The school term draws to a close. Mr. Stoffel holds up the Judge as an example of academic improvement. The Judge shows no gratitude to the boy for his help. Instead, during a final torture session, he tries to make the boy eat human feces. The boy refuses, keeping his mouth tightly shut. The Judge thus rubs the feces into the boy's teeth, lips, face, and hair. As the Judge cries "Hail Hitler!" to the skies, Granpa Chook defecates into the Judge's open mouth. In retaliation, the Judge catapults a stone into the "kaffir chicken rooinek," breaking his ribcage. The boy begs them not to kill Granpa Chook, but they pelt the chicken to death. The boy cries for the first time-thus ending the drought in Zululand. He gives Granpa Chook a fine burial, and covers his battered body with stones. The "loneliness bird" settles inside the boy. At dinner that night, the boy is told he must visit Mevrou in the dispensary after the meal.

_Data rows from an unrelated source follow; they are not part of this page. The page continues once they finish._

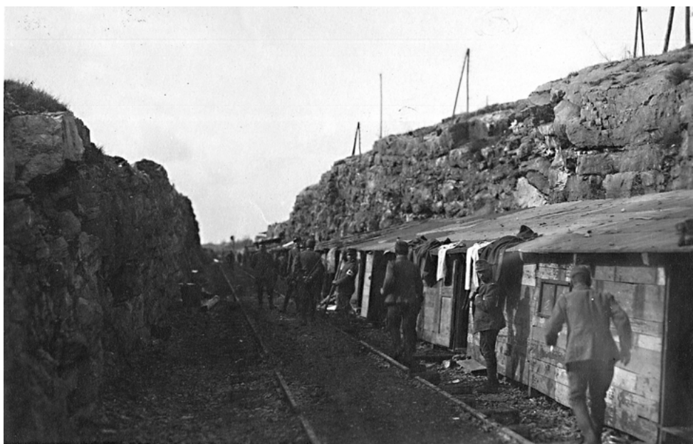
Le baracche dei soldati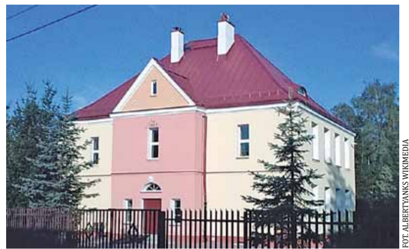
Budynek Szkoły Podstawowej Nr 5 w Konstancinie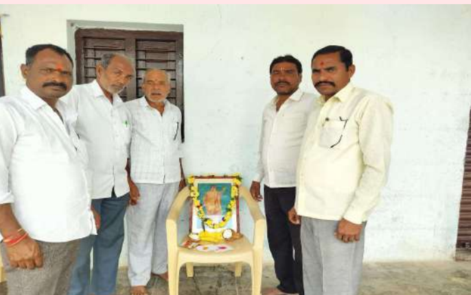
రాయపోల్/ దౌల్తాబాద్ జనవరి 18 ప్రజా జ్యోతి:

Chapter Three adds the notion of an inner and an outer self to the theme of the power of one. Pisskop learns how to lead a double life--how to be "in two places at once"--so that he can appear to have a tough exterior, while hiding his vulnerable interior. In fact, everything that the boy has learnt in Chapter One and Two becomes complicated in Chapter Three. Suddenly the Judge shows glimpses of humanity by treating the boy "not entirely without sympathy." Although the litotes-or double negative of "not entirely without sympathy" indicates that the Judge has only microscopically improved his behavior, it nevertheless shows that the boy has learnt that this is not a clear-cut fight between good and evil, Afrikaners and English, black and white. Bathos, or anti- climax, also serves to highlight that the boy's torturers are human beings, not nameless demons: at the end of Chapter Three we finally learn that the Judge has a name--Jaapie Botha. While the boy realizes that his imagination is his one way out of the horror of his life, at the same time he has to recognize that "imagination is always the best torturer."
As the first person narrator, the boy describes not only the events of his early life, but all his emotions and philosophies. He shares with us universally valid musings that he has extracted from his experience: "One thing is certain in life. Just when things are going well, soon afterward they are certain to go wrong. It's just the way things are meant to be." The reader's compassion, or sense of pathos, for the protagonist increases because the descriptions of his neglect by his mother are subtle. Instead of blaming other people, Pisskop becomes everyone's scapegoat. We learn that no one has recognized his birthday when he remarks, in a non-accusatory tone: "I had turned six but nobody had told me, so in my head, I was still five."